(Dataset excerpts)
BEGIN

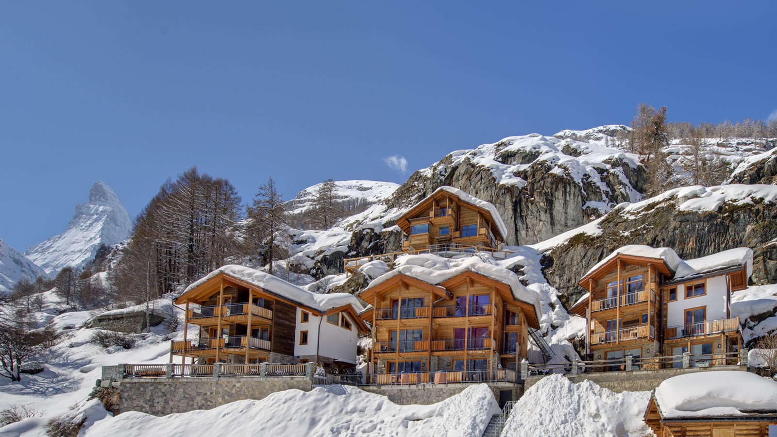 Leur emplacement offre le meilleur des deux mondes : des vues spectaculaires et un accès facile. À 200 mètres de la station de base du Matterhorn Express et de la piste de la station, un tunnel au niveau de la rue mène à un ascenseur construit à l’intérieur de la montagne, d’où l’on accède aux propriétés en 2 minutes de marche et par un escalier extérieur. Les chalets sont équipés d’un chariot électrique et d’un monte-escalier, que notre personnel utilisera pour transporter vos bagages et vos achats si nécessaire.
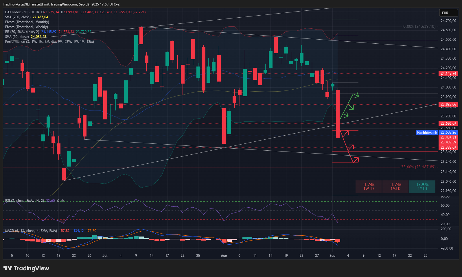 Der DAX geriet zum Start in den September stark unter Druck und hat dabei seine 50-Tageslinie nachhaltig verloren. Die nächste wichtige Supportzone bei 23.400 / 23.300 Punkten rückt damit schnell in den Fokus.
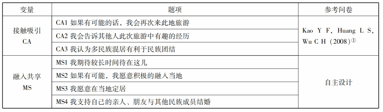 设计合适的问卷以便更好反映实际情况,对相关变量的测量主要借鉴已有问卷,并结合旅游促进各民族“三交”的实际情况做出适当的修改和调整。对问题的测量主要使用李克特7级量表,从1-7分别表示从“非常不认同”到“非常认同”的各层级(见表1)。
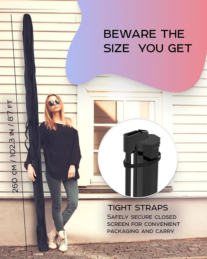 - Indoor Outdoor projection movie screen is secured by convenient tight-straps, it could be carried to backyard or auditorium in a perfectly fitted projector screen bag, its retractable and adjustable design can be easily assembled in 3 steps
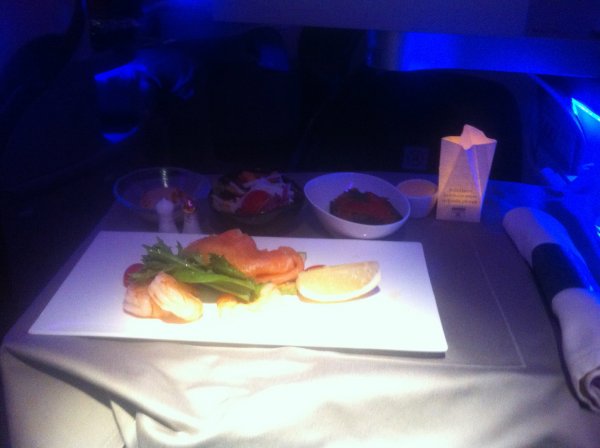 Servicen var uppmärksam och flygvärdinnorna gick flera gånger genom business-kabinen och tittade. Nästan lite väl ofta så jag fick känslan av att de undrade om jag inte ätit klart snart.
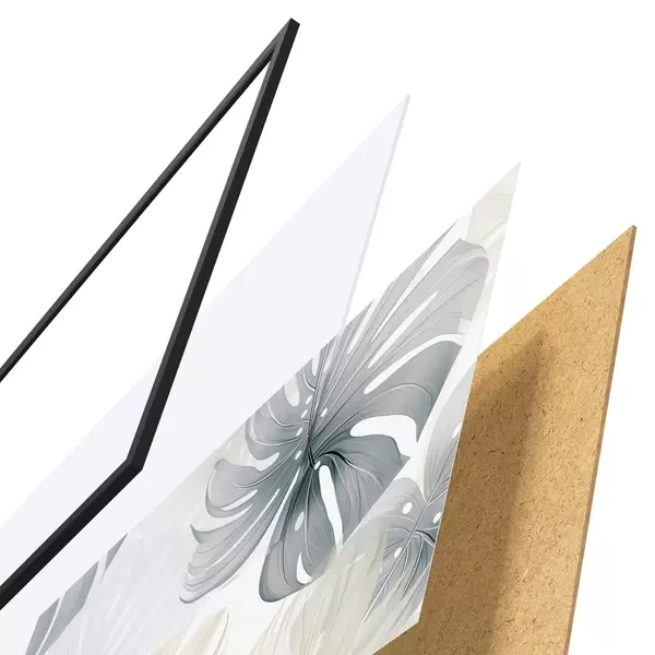 Plagát sa skladá z rámu, plexiskla, vytlačeného obrazu a podkladu z drevotriesky. Plagát možno okamžite zavesiť na stenu vďaka úchytom na zadnej strane.
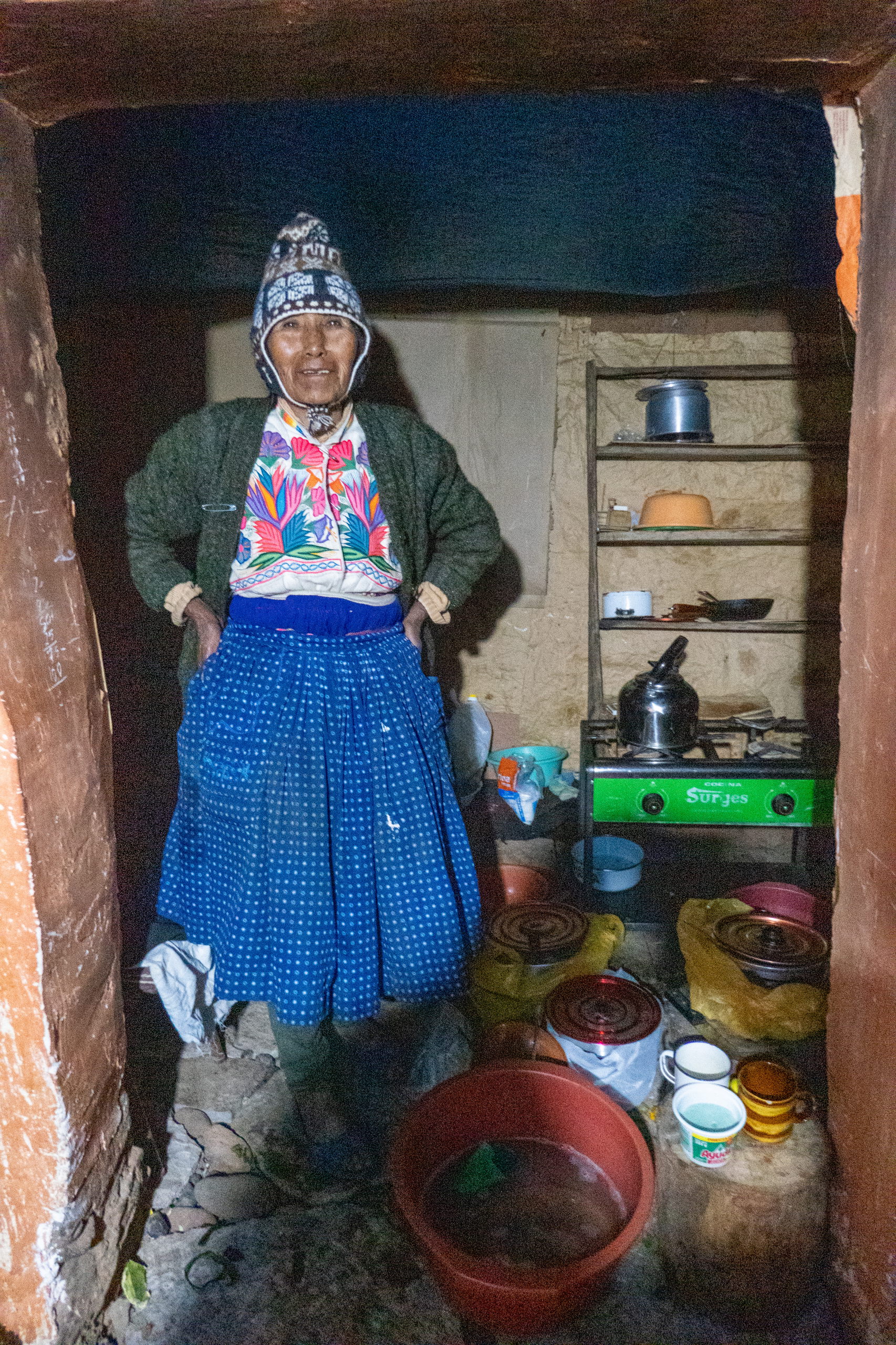 Nach einer zweieinhalbstündigen Fahrt über den See und etwas Schlaf erreichen wir die Insel Amantani, wo wir den restlichen Tag verbringen werden. Am Hafen warten schon die Familienoberhäupter auf unsere Zuteilung. Jeden Tag werden die Touristen einer anderen der zehn Gemeinden zugeteilt. So haben alle was vom Geld und es kommt kein Streit auf. Schlaues System. Ich werde mit zwei anderen Burschen eingeteilt und wir machen uns mit unserem Gastgeber auf den Weg zu seinem Haus. Die einfachen Zimmer sind schnell bezogen und dann gibt es auch schon Mittagessen. Köstliche Gemüsesuppe und Kartoffel, Oca und gegrillten Käse dazu Muña-Tee. Daniel und Krishna sprechen wenig bzw. kein Spanisch und ich muss den Dolmetscher machen. Hätte ich mir auch nie gedacht. 😁

END

- Exercise prompt:
A word-for-word reproduction is needed of the lines above from the line containing "- Indoor Outdoor" through the line containing "Plagát sa skladá", with both ends kept and no pictures.

- Response below:
 - Indoor Outdoor projection movie screen is secured by convenient tight-straps, it could be carried to backyard or auditorium in a perfectly fitted projector screen bag, its retractable and adjustable design can be easily assembled in 3 steps
 Servicen var uppmärksam och flygvärdinnorna gick flera gånger genom business-kabinen och tittade. Nästan lite väl ofta så jag fick känslan av att de undrade om jag inte ätit klart snart.
 Plagát sa skladá z rámu, plexiskla, vytlačeného obrazu a podkladu z drevotriesky. Plagát možno okamžite zavesiť na stenu vďaka úchytom na zadnej strane.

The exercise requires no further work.